== INFORMATION PROVIDED ==

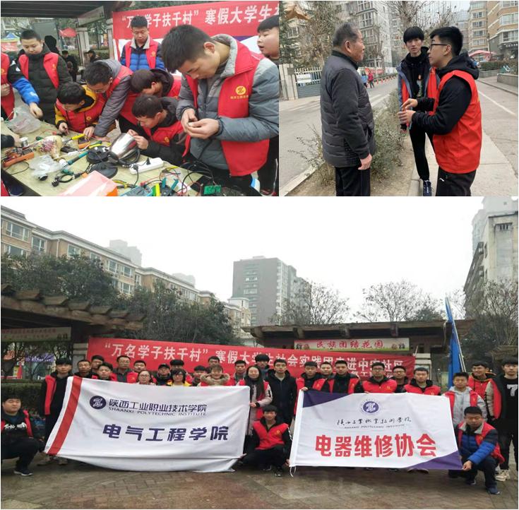 根据学院《关于组织开展2019-2020学年寒假大学生社会实践活动的通知》文件精神,提高大学生服务他人、奉献社会的责任意识,1月9日,电气工程学院电气维修协会与学生会干部组成30人实践小分队,在辅导员老师的带领下前往咸阳市中宏社区开展义务维修家电活动。
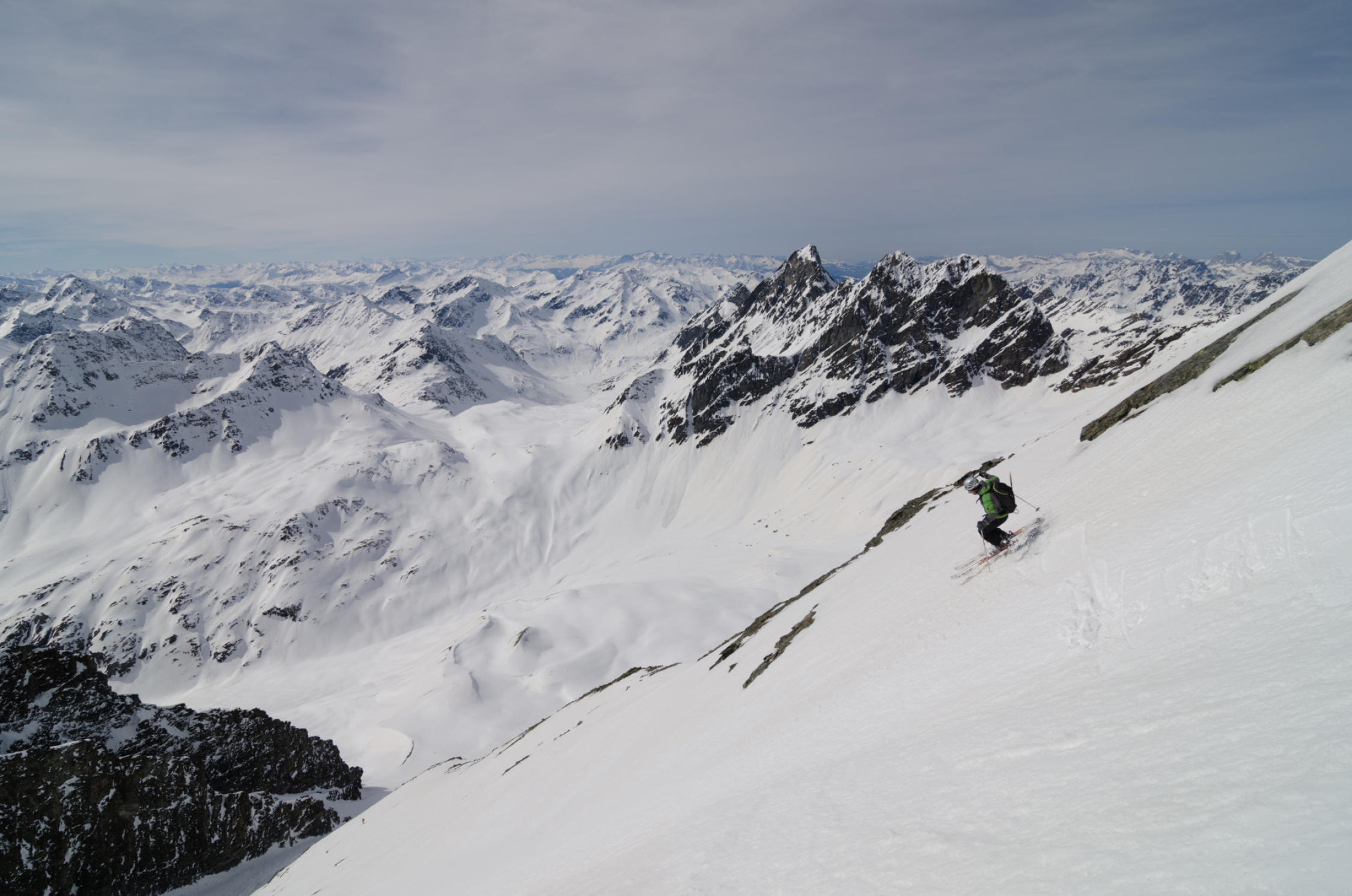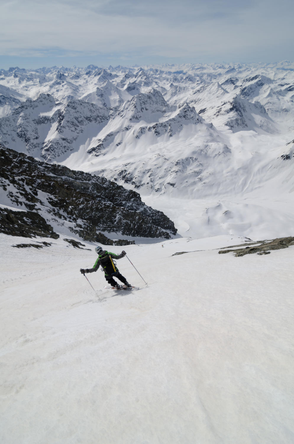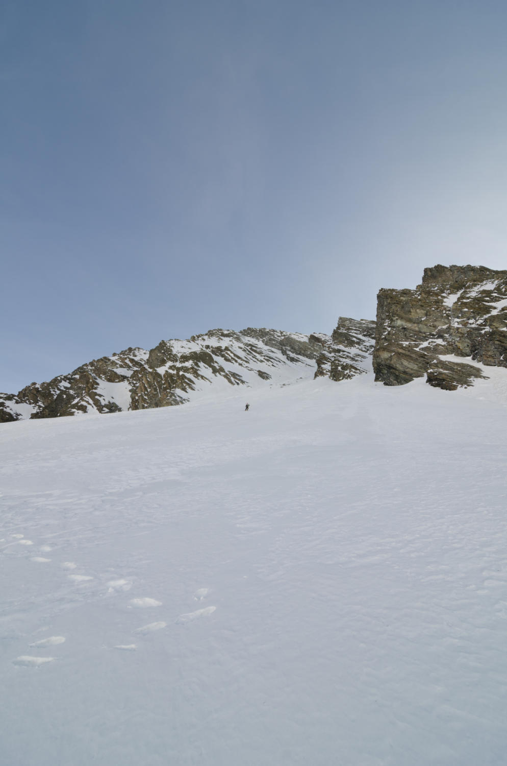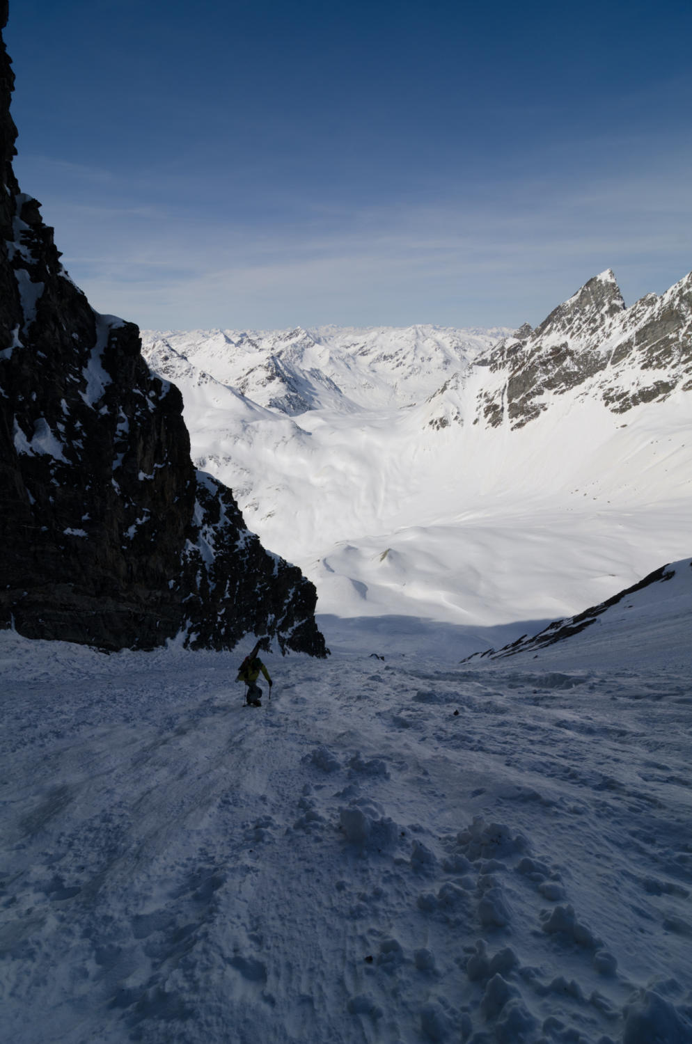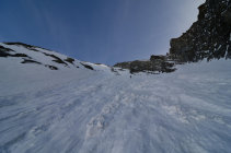 Nicht mehr zuviel Schnee in der Rinne, aber absolut genügend. Aufstieg in gutem Trittschnee, abfahrt warten bis es ein wenig aufsulzt (wir fuhren um 13.00 los).
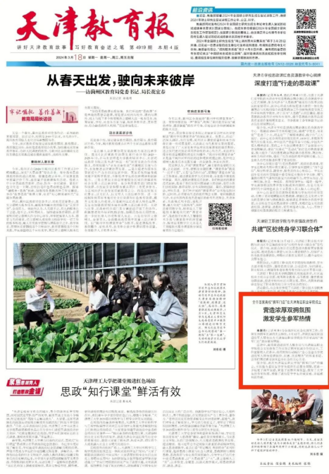 3月18日,《天津教育报》刊发文章《全市首家高校“拥军门店”在我院成立 营造浓厚双拥氛围 激发学生参军热情》,报道全市首家高校“拥军门店”在我院成立。

===

Once the pictures are removed, print all the remaining data exactly as it stands.

 根据学院《关于组织开展2019-2020学年寒假大学生社会实践活动的通知》文件精神,提高大学生服务他人、奉献社会的责任意识,1月9日,电气工程学院电气维修协会与学生会干部组成30人实践小分队,在辅导员老师的带领下前往咸阳市中宏社区开展义务维修家电活动。
 Nicht mehr zuviel Schnee in der Rinne, aber absolut genügend. Aufstieg in gutem Trittschnee, abfahrt warten bis es ein wenig aufsulzt (wir fuhren um 13.00 los).
 3月18日,《天津教育报》刊发文章《全市首家高校“拥军门店”在我院成立 营造浓厚双拥氛围 激发学生参军热情》,报道全市首家高校“拥军门店”在我院成立。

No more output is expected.